If there has been anyone who has walked through fire and emerged untouched, it has been Bibi Fatima. A woman whose values do “not change or grow old, nor do they depend upon the customs of the social, cultural or economic systems” (Shariati, Our Expectations). We must rediscover this woman—whose childhood was spent giving her father strength as he called the people to Mercy; whose youth was spent in the heart of a movement whose values shook the world; whose maturing years were spent “in the political fire of her times,” with her never sitting unaware at home of what was happening, but rather taking active involvement in promoting truth and justice (Shariati 254).

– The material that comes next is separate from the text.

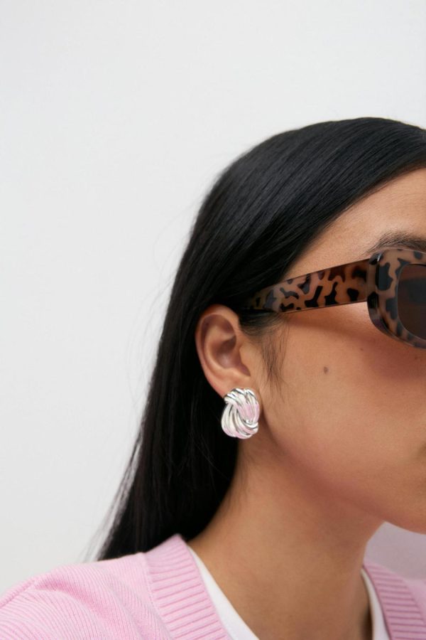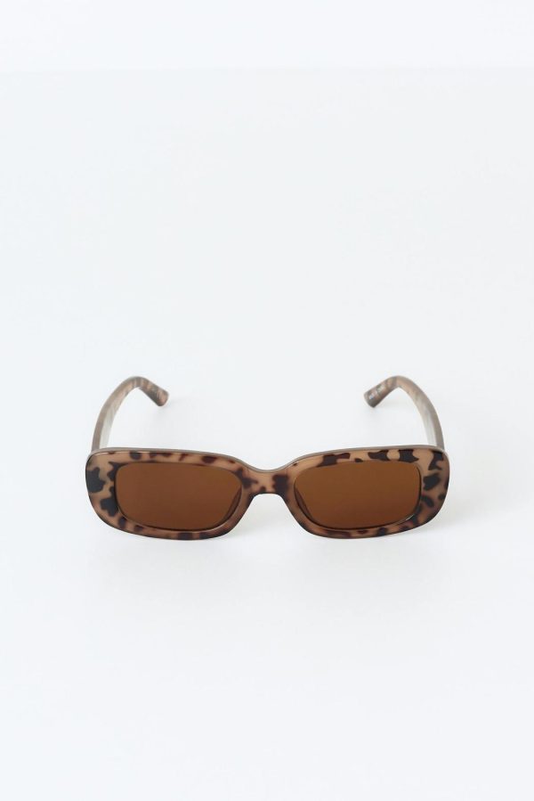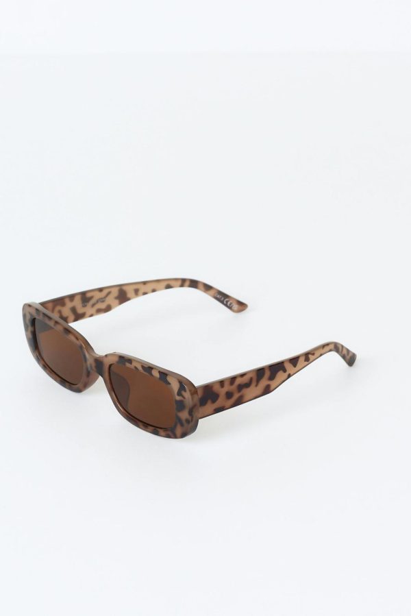 Rektangulära solglasögon med plastbågar i återvunnen plast. Solglasögonen är bruna och har tonade glas med ett UV400-skydd. Linsguide: Kategori 3.
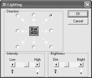 В этом окне в области Direction (Направление) устанавливается направление, откуда направлено освещение на объекты сцены. С помощью ползунков в областях Intensity (Интенсивность) и Brightness (Яркость) настраивается интенсивность и яркость источника света. Это окно вызывается также командой меню View -> 3D Lighting (Вид -> 3D-освещение).

Even after her father’s death, even when truth was lowered and falsehood was raised, she did not become inactive. When she stood up to claim her inheritance, she was not rising in order to simply claim a piece of land. What use does she have for a piece of earth, when she is promised the expanse of the heavens? No, Bibi Fatima (s) rose to show that injustice parading under the guise of Justice is the most dangerous of all; she rose to reveal that if someone uses Islam as an excuse to take away your rights, they are following an Islam of their own creation. That, as a Muslim woman, your ethical purity should never inhibit you from fulfilling your social responsibility (Shariati 254); that God has sanctioned your ability to rise and reclaim what is rightfully yours.

Women of the world, standing at a crossroads: the heat of your question’s flame is fierce as it blazes in your mind. As you harness the river’s power to quench its burn, remember — you were not made for a life of mediocrity. You were made for a life of greatness.

The only woman who can save us is not the traditional woman, nor the so-called modern woman, but the woman who recreates herself to be who God meant her to be—a glorious force that rises to the pinnacle of perfection; who sees humanity suffering and realizes she must do something; who stands to speak, who sits to write, who establishes organizations, creating and promoting safe spaces for those who find themselves without support; who, walking in the footsteps of Bibi Fatima (s), will face hardship and suffering but never bow to them; who will walk through fire and come out gold, who will die a thousand deaths in order to be reborn—

Because she knows that, over a thousand years ago, when Prophet Muhammad (PBUH)) held Bibi Fatima to the sky, this newborn girl; when he put her in his arms and not a grave of sand; he was not only saving a daughter, but a legacy. By calling her “the woman among women of the world,” he neither intended to make an idol of her for us to worship, nor a victim for us to mourn, but rather a model and a symbol to emulate.

In Arabia 1400 years ago, they used to bury their daughters out of fear of poverty and disgrace. Today, though it is not at birth, our communities continue to bury our women. So many of them are drowning, are still suffocating in those burning sands, sands of both ancient traditions and modern practices. In this new desert, let us make sure we not burying, but saving; not letting go, but holding on. Let us, like the Prophet, cradle our daughters in our arms, and lift them to the sky—and so doing, lift the destiny of all women.

And when we do so, we will hear two cries that echo the life of Bibi Fatima (s): the first of sorrow, when we, as women, take in the scene, see the unmarked graves of all our fallen sisters…and the second of resolve, as we raise our voices in a renewed struggle for justice, realizing how beautiful it is to be reborn.

Shariati, Ali. Fatima is Fatima. Trans. Laleh Bakhtiar. Tehran: Shariati Foundation, n.d. Play And Learn. Web. 17 Apr. 2014. http://gadir.free.fr/eng/books/FatimaIsFatima.pdf.

Shariati, Ali. “Our Expectations of the Muslim Woman.” 17 Apr. 2014. Lecture.